When engaging in any due diligence process, not only is it important to understand the product(s) and/or processes involved in the transaction and associated IP, but all parties should consider also the following:

  • Are non-disclosure agreements between the parties involved in the transaction in place?
  • Is a data room required? If so, what documents are in it and who will have access?
  • Has a timeline for each stage of the due diligence been established?
  • Are there any ‘red flags’ (such as ongoing litigation or disputes) to be raised?
  • Are there any third-party agreements, assignments or licences in place (including contract research organisation (CRO) or contract development and manufacturing organisation (CRMO))?
  • Has an inventorship audit been completed?
  • Are there any encumbrances (e.g., third party inventors)?
  • Has a FTO search been conducted?

Irrespective of which side of the transaction you are on, when approaching due diligence discussions, it is worth requesting questions in advance, discussing these with patent counsel and knowing what information you want to provide.

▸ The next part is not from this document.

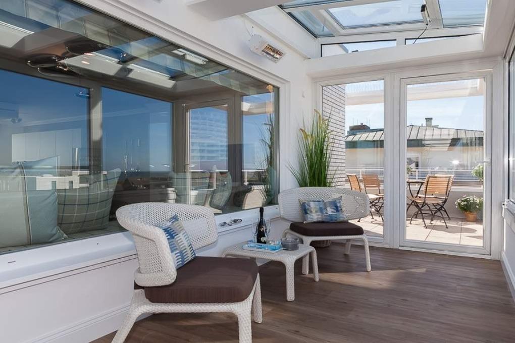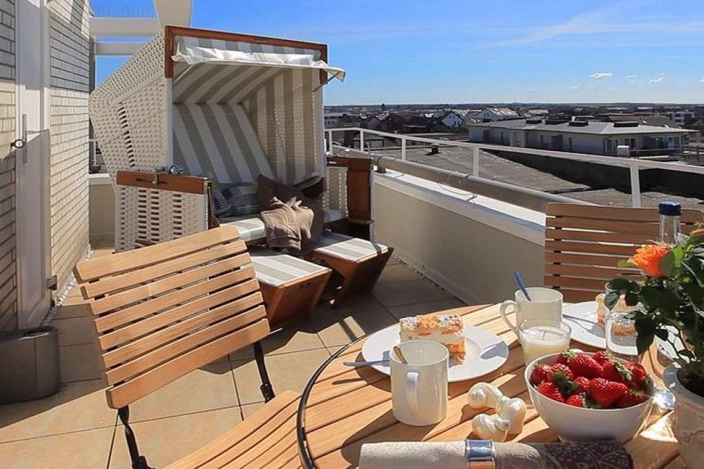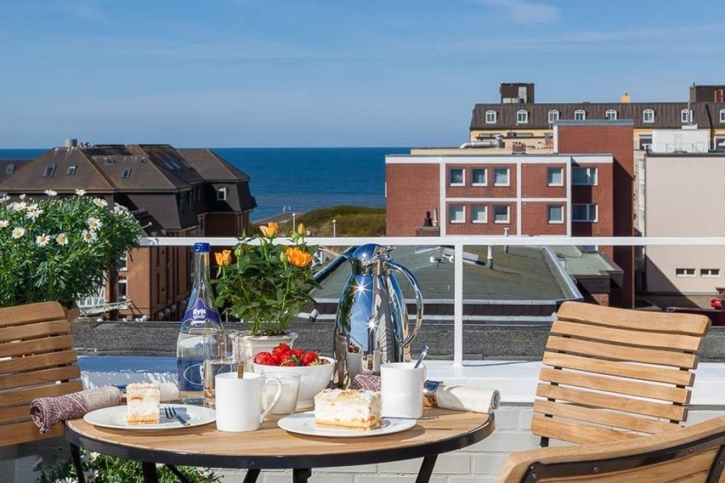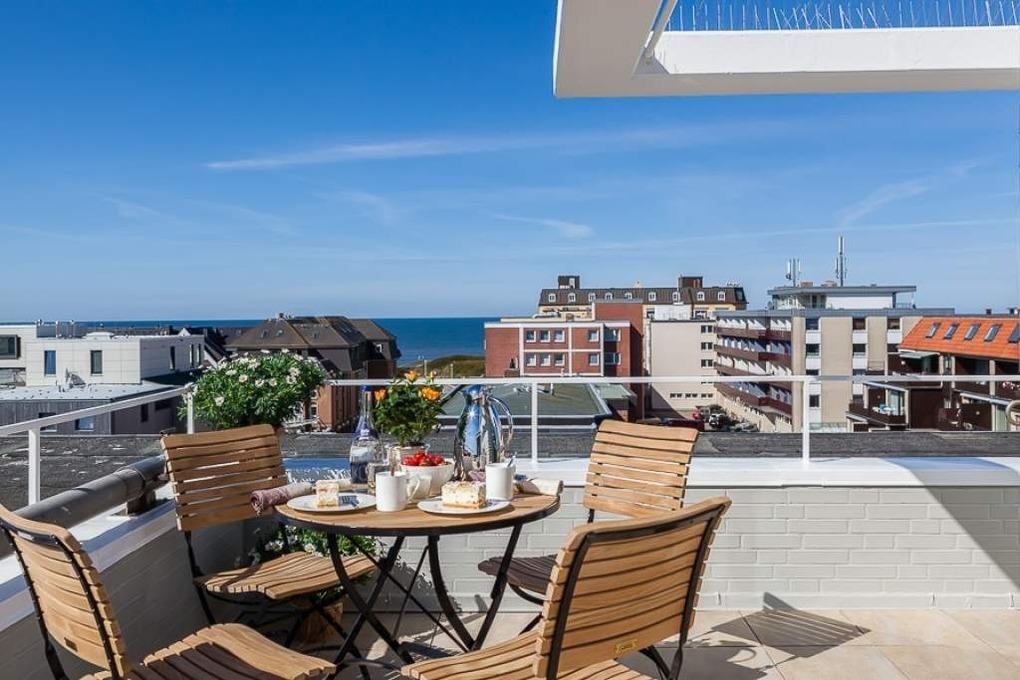 Penthouse "Dünenburg" - Über den Dächern der Stadt mit Blick auf das Meer gelegenes, ca. 178m² großes Penthouse im 6.OG für 6 Personen. Im ca. 50m² großen Wohnbereich befindet sich eine bildschöne Küche mit Kochinsel und kleinem Tresen mit Barhockern. Ein großer Esstisch, von dem Sie einen herrlichen Weitblick gen Osten genießen sowie der große Couchbereich laden zum Verweilen ein. TV, DVD, Stereo, W-LAN, Flatrate ins dt. Telefonnetz. Aus dem Wohnzimmer gelangen Sie in den verglasten Wintergarten sowie auf die sonnige Südterrasse mit Blick bis zum Meer. 2 Schlafzimmer mit Doppelbetten sowie 2 Einzelbettzimmer jeweils mit TV u. z.T. DVD stehen Ihnen zur Verfügung. Ein Badezimmer mit Dusche, Waschtisch und finnischer Sauna mit Blick auf das Meer und ein Badezimmer mit Wanne und TV, Dusche, Doppelwaschtisch. Abstellraum mit WM/TR. Einzelgarage Nr. 57 (ca. 2m Höhe, 2,30m Breite, hinterm Haus, 2. von rechts). Fahrstuhl bis zum 5.OG. Tierhaltung und Rauchen ist nicht gestattet. Bettwäsche und Handtücher sind zur Anreise aufgezogen. Aufgrund einer Dachsanierung ist die Garage bis vorausssichtlich Ende Mai 2024 nicht nutzbar

Remember you don’t need to provide everything just because the other side asks for it!

Summary: The critical importance of IP due diligence

IP due diligence is a complex process and an important part of any corporate transaction. While the scope of IP due diligence should be dictated by the circumstances of the transaction being considered, thoroughly conducted IP due diligence allows parties involved in the transaction to make more informed decisions. Failing to adequately do so can result in significant costs as a result of lost transactions, jeopardise years of product development or lead to the acquisition of IP assets that do not adequately protect the key CAR-T cell products and/or services or technologies, potentially causing future legal conflicts.

We recommend engaging experienced IP counsel to assist with the IP due diligence process to minimise these risks while maximising the value of the present IP portfolio and its future potential.